It is well accepted that processing sorted arrays is easier and efficient. What would be the pedagogical approach to explain how and why it is more efficient to process sorted collections than unsorted collections.

  • Hi m__, welcome to Computer Science Educators. What do you mean by "process", and what age/level are you teaching to? Without some further details, I'm afraid @KimNguyễn's response of "no it's not" is about as far as we can help you. – Ben I. Dec 3 at 11:33
up vote 5 down vote accepted

First, it is not "well accepted" that processing sorted array is more efficient. It depends on what you do. If you spend your time inserting, for instance, then sorted arrays are not necessarily a good choice. You are better off inserting at the end (say if you have resizable arrays such as Vector<X> or ArrayList<X> in Java), and then sort afterwards (you'll pay $O(N*log(N))$ instead of $O(N²)$).
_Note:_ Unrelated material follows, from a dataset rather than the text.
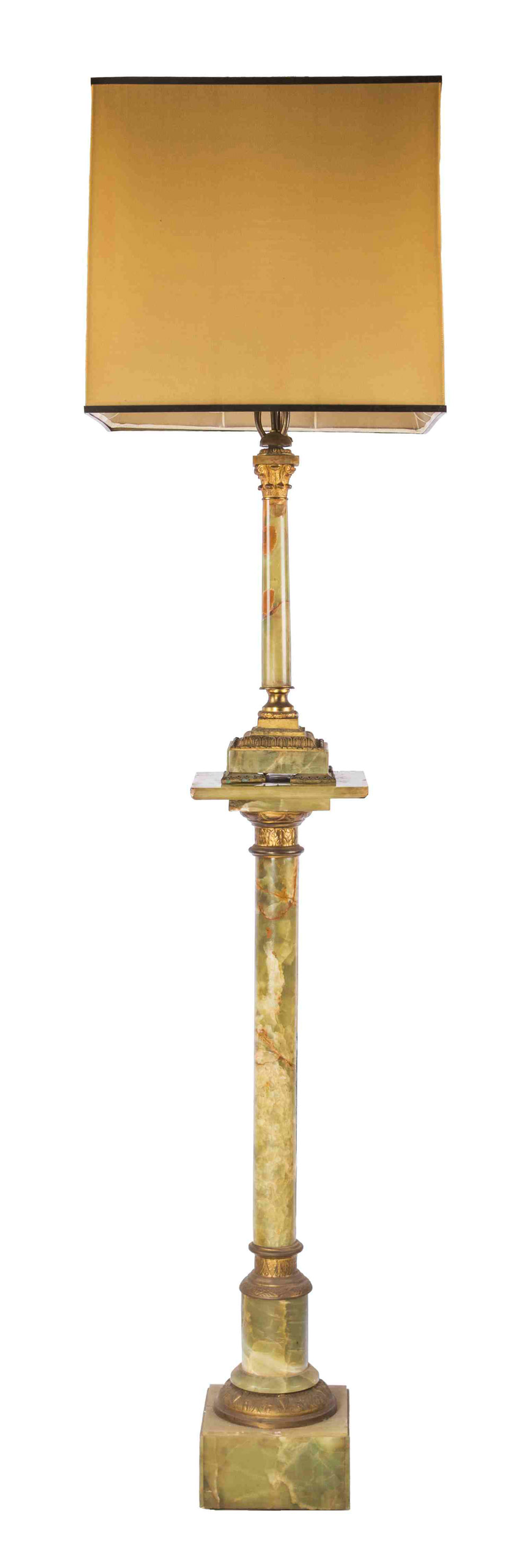 Lume da tavolo in alabastro verde con decori in metallo con colonna di appoggio en suite. Altezza cm 210

It is true that if you don't have insertions (or very few insertions with respect to searching or other operations for instance) then it is more efficient. If you want to find an element in a sorted array, you can use binary search which is $O(log(N))$ while if your array is not sorted you have to scan the whole thing which is $O(N)$.

Likewise if you want to perform set operations on two sorted arrays (intersection, union, difference), then doing so on sorted Arrays is linear. If they are not sorted you will be either quadratic (naive algorithm) or have to use an auxiliary data structure (such as a hash table).

Sorted arrays have the same complexity for these operations than the more involved tree structures (AVL or red-black trees) and they have a very compact and simple representation. But you pay the price that insertion is more expensive, since it has to maintain the order of elements.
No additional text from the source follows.